Ethiopian Invasion Repulsed9 Zerah the Ethiopian came out against them with an army of a million men and three hundred chariots, and came as far as Mareshah. 10 Asa went out to meet him, and they drew up their lines of battle in the valley of Zephathah at Mareshah. 11 Asa cried to the Lord his God, “O Lord, there is no difference for you between helping the mighty and the weak. Help us, O Lord our God, for we rely on you, and in your name we have come against this multitude. O Lord, you are our God; let no mortal prevail against you.” 12 So the Lord defeated the Ethiopians before Asa and before Judah, and the Ethiopians fled. 13 Asa and the army with him pursued them as far as Gerar, and the Ethiopians fell until no one remained alive; for they were broken before the Lord and his army. The people of Judah carried away a great quantity of booty. 14 They defeated all the cities around Gerar, for the fear of the Lord was on them. They plundered all the cities; for there was much plunder in them. 15 They also attacked the tents of those who had livestock, and carried away sheep and goats in abundance, and camels. Then they returned to Jerusalem.

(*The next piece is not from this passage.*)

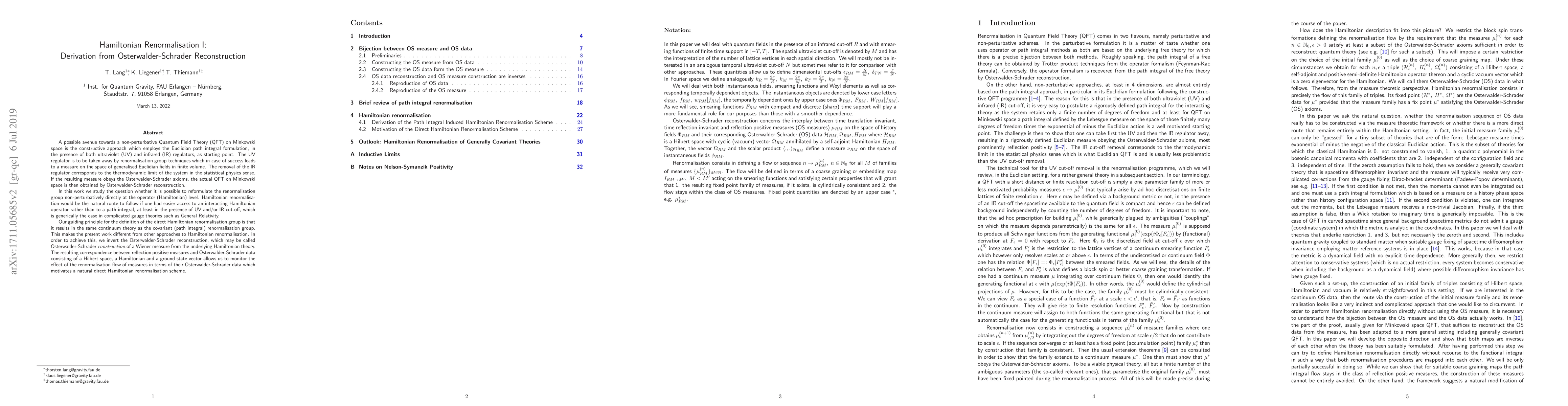 A possible avenue towards a non-perturbative Quantum Field Theory (QFT) on Minkowski space is the constructive approach which employs the Euclidian path integral formulation, in the presence of both ultraviolet (UV) and infrared (IR) regulators, as starting point. The UV regulator is to be taken away by renormalisation group techniques which in case of success leads to a measure on the space of generalised Euclidian fields in finite volume. The IR regulator corresponds to the thermodynamic limit of the system in the statistical physics sense. If the resulting measure obeys the Osterwalder-Schrader axioms, the actual QFT on Minkowski space is then obtained by Osterwalder-Schrader reconstruction. In this work we study the question whether it is possible to reformulate the renormalisation group non-perturbatively directly at the operator (Hamiltonian) level. Hamiltonian renormalisation would be the natural route to follow if one had easier access to an interacting Hamiltonian operator rather than to a path integral, at least in the presence of UV and/or IR cut-off, which is generically the case in complicated gauge theories such as General Relativity. Our guiding principle for the definition of the direct Hamiltonian renormalisation group is that it results in the same continuum theory as the covariant (path integral) renormalisation group. In order to achieve this, we invert the Osterwalder-Schrader reconstruction, which may be called Osterwalder-Schrader construction of a Wiener measure from the underlying Hamiltonian theory. The resulting correspondence between reflection positive measures and Osterwalder-Schrader data consisting of a Hilbert space, a Hamiltonian and a ground state vector allows us to monitor the effect of the renormalisation flow of measures in terms of their Osterwalder-Schrader data which motivates a natural direct Hamiltonian renormalisation scheme.

2 Chronicles 15:1 The spirit of God came upon Azariah son of Oded. 2 He went out to meet Asa and said to him, “Hear me, Asa, and all Judah and Benjamin: The Lord is with you, while you are with him. If you seek him, he will be found by you, but if you abandon him, he will abandon you. 3 For a long time Israel was without the true God, and without a teaching priest, and without law; 4 but when in their distress they turned to the Lord, the God of Israel, and sought him, he was found by them. 5 In those times it was not safe for anyone to go or come, for great disturbances afflicted all the inhabitants of the lands. 6 They were broken in pieces, nation against nation and city against city, for God troubled them with every sort of distress. 7 But you, take courage! Do not let your hands be weak, for your work shall be rewarded.”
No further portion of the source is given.